Auf dieses Buch kann man sich einlassen. Auf dieses Buch muss man sich einlassen. Dreißig kurze Stücke, die in ihrer Einzigartigkeit den Leser an den Rand des Fassbaren bringen werden. Monster bekommen hier den gleichen Raum wie Demenzkranke. Jeder ist das Produkt aus Erinnerungen und Sprache. Und Thomas Stangls Sprache ist weitreichend, laut und leise zugleich, durchdringend, aufwühlend…

Die Deutsche Schillerstiftung kam 2019 nicht herum ihm den Schillerpreis zu verleihen. Ebenso die Jury des Wortmeldungen-Preises. Der 23. Mai 2019 ist für Thomas Stangl ein doppelter Glückstag: Zum Einen erscheint sein neuestes Buch, dieses hier und zum Anderen bekommt er dafür auch gleich noch einen Preis. Besser geht’s nicht!

Das dürfte wohl auch so manchem Leser in den Sinn kommen, wenn er den sinnigen Texten folgt. Thomas Stangl gibt dem Leser den Freiraum Gedanken über und um die Heroen der Texte mit Leben zu füllen. Nicht, dass Thomas Stangl nicht schon getan hätte, nein, aber hier und da lässt er einen Krumen liegen, den der Leser aufpicken darf, um sich zu laben.

Jede Geschichte hat ihren eigenen Stil, ihren eigenen Reiz, ihre ganz eigene Wirkung.
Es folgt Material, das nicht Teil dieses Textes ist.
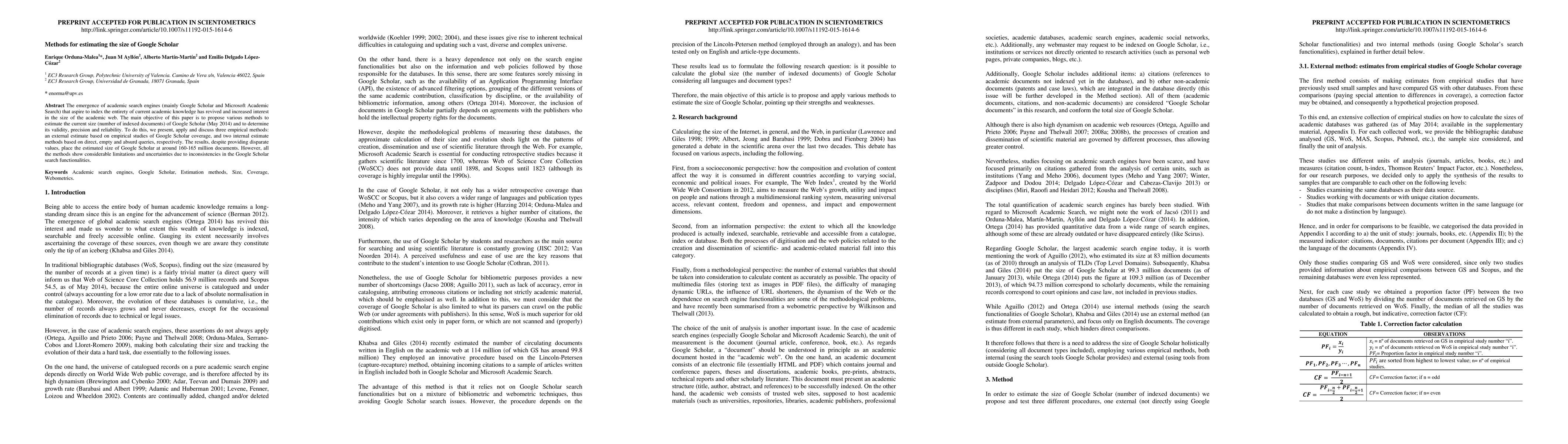 This paper proposes three methods to estimate the size of Google Scholar in 2014, finding it to be around 160 to 165 million documents. However, the methods reveal significant limitations and uncertainties due to inconsistencies in Google Scholar's search functionalities.

Mal verspielt wie ein Kleinkind, mal irrwitzig übermütig, in dem er die Erzähler im wilden Reigen sich abwechseln lässt.

Es macht Spaß Thomas Stangl zu folgen. Nicht immer man sofort bei den Gestalten, die auf den ersten Blick etwas völlig Normales, Alltägliches tun. Erst im Laufe der Zeilen kommt man ihrem Tun auf die Schliche. Auf den Leim geht man ihnen hingegen niemals.

Auf den ersten Blick wirkt „Die Geschichte des Körpers“ wir eine Sammlung kurzer Geschichten, die in keinem direkten Zusammenhang stehen. Erst am Ende des Buches – die reichlich einhundertzwanzig Seiten liest man trotz allem nicht „einfach mal schnell durch“ – wird das Ganze ersichtlich. Der Mensch sammelt in einem, seinem Körper sich und sein Wesen. Der Körper umschließt dies mit seiner Hülle. Thomas Stangl bricht diese Hülle auf, er kratzt an der Oberfläche bis das Innere hervorbricht ohne Wunden zu hinterlassen. Nur Erinnerungen bleiben zurück.